Leaving out pictures, output exactly the lines below from the one that has "1 Lt Zeytinyağlı" through the one that has "随时娱乐不耽误,不用复杂不用尴尬,随手小娱乐轻松互动,打破彼此的隔阂!", and nothing else.

*** RECORDS SHOWN ***

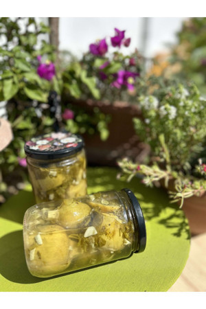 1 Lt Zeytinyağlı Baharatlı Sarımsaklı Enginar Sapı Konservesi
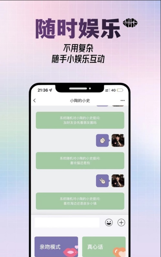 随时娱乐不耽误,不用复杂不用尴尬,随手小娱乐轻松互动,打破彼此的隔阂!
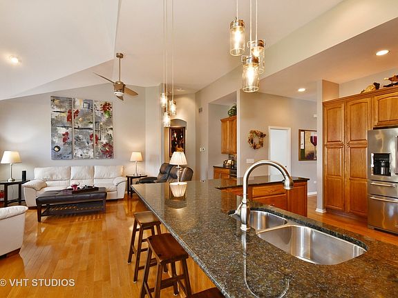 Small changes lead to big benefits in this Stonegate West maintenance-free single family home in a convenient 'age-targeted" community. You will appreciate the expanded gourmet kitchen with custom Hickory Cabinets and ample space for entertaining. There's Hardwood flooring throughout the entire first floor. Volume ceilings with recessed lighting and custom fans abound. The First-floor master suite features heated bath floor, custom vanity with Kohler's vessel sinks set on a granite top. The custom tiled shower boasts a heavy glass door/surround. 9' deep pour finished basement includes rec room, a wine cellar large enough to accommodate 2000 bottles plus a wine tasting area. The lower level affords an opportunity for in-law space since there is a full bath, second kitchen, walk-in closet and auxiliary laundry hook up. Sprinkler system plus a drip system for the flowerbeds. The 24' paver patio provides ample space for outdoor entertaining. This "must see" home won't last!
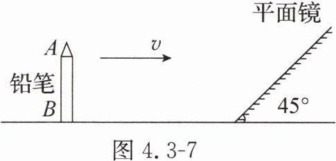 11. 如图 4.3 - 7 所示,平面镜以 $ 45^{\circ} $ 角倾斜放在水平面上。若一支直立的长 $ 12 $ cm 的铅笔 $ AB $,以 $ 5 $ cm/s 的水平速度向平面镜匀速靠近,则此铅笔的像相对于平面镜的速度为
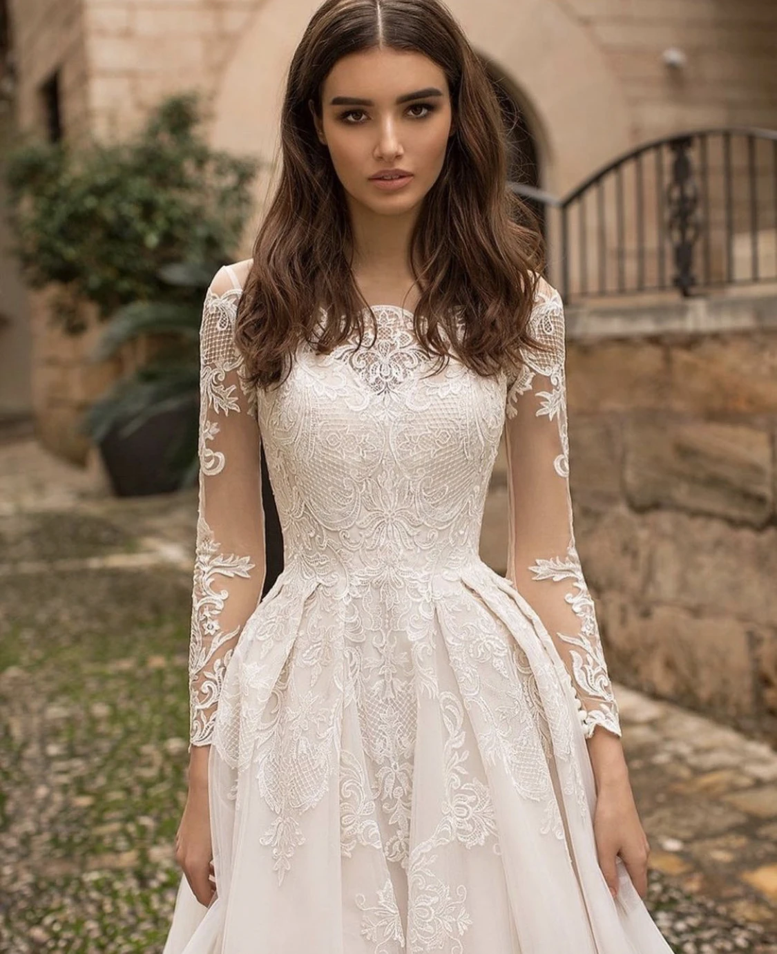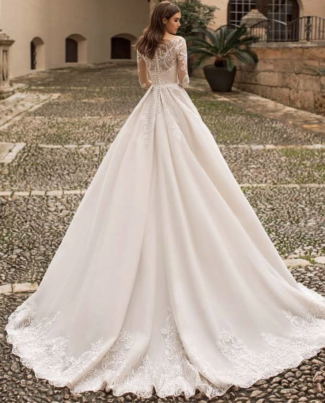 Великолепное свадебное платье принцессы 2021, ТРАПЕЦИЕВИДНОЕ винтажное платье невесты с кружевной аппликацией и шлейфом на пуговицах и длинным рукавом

*** End of RECORDS SHOWN ***
*** RECORDS SHOWN ***

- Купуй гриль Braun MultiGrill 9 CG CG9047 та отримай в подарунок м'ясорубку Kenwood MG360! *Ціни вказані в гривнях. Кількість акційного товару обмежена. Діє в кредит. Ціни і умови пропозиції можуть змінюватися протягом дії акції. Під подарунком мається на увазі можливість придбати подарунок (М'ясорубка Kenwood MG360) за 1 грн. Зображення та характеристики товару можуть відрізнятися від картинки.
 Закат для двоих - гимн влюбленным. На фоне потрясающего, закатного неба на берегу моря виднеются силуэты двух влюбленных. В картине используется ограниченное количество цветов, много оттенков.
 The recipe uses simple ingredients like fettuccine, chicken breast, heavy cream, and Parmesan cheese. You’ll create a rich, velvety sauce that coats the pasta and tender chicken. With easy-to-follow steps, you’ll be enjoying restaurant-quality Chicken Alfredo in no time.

*** End of RECORDS SHOWN ***

* YOUR SOLUTION:
 1 Lt Zeytinyağlı Baharatlı Sarımsaklı Enginar Sapı Konservesi
 随时娱乐不耽误,不用复杂不用尴尬,随手小娱乐轻松互动,打破彼此的隔阂!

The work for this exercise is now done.